▶ [Work required]: With the pictures omitted, repeat exactly the lines below starting with the line that has "Распределяйте статьи по" and going on through the line that has "- Padeda išlyginti".

▶ [Records for this task]:
::::::::

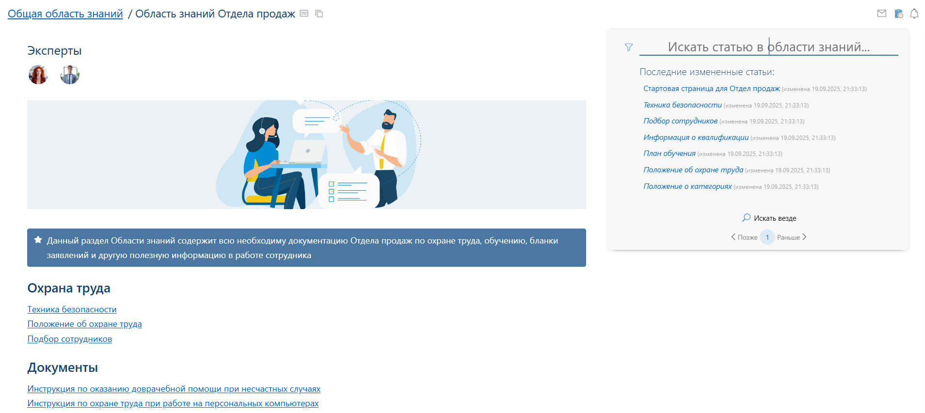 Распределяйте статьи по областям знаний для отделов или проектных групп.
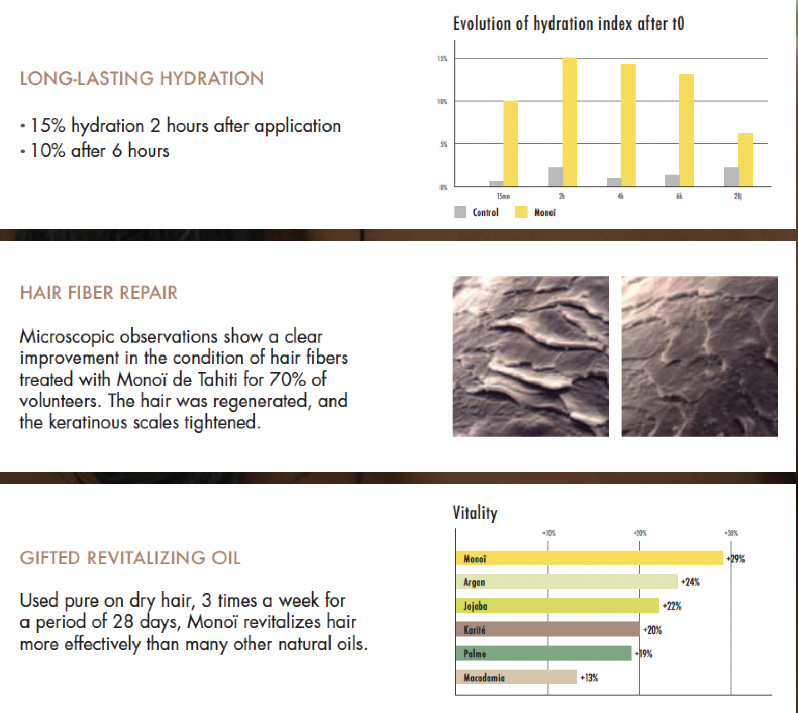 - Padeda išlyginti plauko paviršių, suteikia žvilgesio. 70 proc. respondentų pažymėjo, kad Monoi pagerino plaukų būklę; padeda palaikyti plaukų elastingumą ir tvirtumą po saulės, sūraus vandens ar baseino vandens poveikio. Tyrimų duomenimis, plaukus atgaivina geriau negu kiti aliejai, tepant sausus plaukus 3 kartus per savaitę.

::::::::

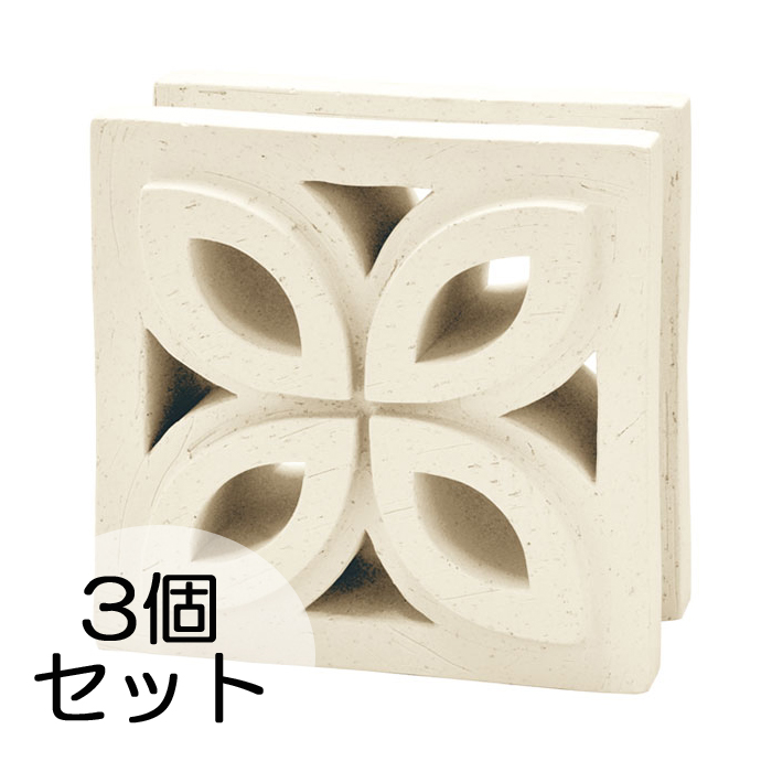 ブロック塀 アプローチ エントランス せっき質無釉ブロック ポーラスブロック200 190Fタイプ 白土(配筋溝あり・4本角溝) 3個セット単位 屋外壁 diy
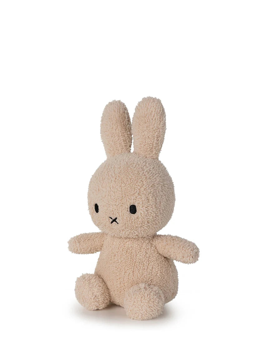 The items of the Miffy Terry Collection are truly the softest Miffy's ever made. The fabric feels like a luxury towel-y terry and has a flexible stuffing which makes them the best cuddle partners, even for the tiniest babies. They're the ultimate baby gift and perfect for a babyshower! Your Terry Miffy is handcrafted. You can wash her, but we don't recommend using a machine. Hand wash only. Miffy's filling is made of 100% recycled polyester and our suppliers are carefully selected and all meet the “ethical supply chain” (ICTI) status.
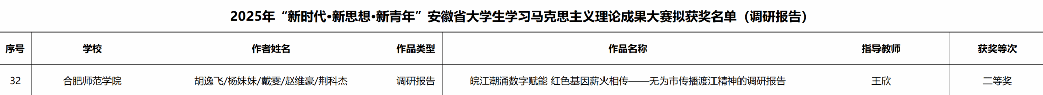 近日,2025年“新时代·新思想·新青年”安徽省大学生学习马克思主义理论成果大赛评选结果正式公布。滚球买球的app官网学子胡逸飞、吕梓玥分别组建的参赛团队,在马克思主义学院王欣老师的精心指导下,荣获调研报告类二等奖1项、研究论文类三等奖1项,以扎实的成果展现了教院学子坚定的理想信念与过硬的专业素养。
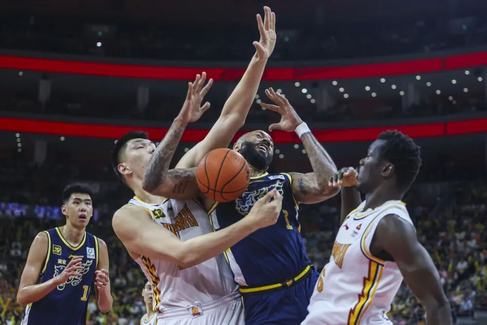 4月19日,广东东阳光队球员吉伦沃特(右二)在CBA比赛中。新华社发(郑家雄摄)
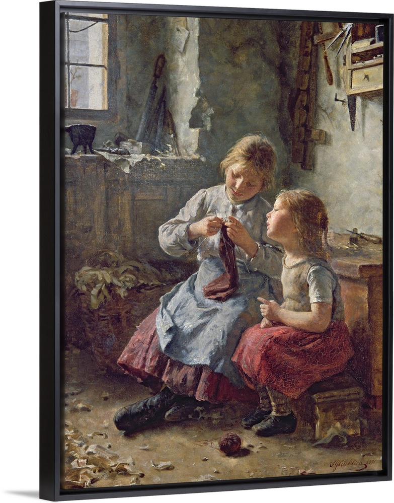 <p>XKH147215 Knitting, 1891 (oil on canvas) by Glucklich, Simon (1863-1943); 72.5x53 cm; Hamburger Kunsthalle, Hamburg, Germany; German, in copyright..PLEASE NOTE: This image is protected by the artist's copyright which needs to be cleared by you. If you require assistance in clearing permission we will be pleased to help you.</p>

::::::::

▶ [Your response]:
 Распределяйте статьи по областям знаний для отделов или проектных групп.
 - Padeda išlyginti plauko paviršių, suteikia žvilgesio. 70 proc. respondentų pažymėjo, kad Monoi pagerino plaukų būklę; padeda palaikyti plaukų elastingumą ir tvirtumą po saulės, sūraus vandens ar baseino vandens poveikio. Tyrimų duomenimis, plaukus atgaivina geriau negu kiti aliejai, tepant sausus plaukus 3 kartus per savaitę.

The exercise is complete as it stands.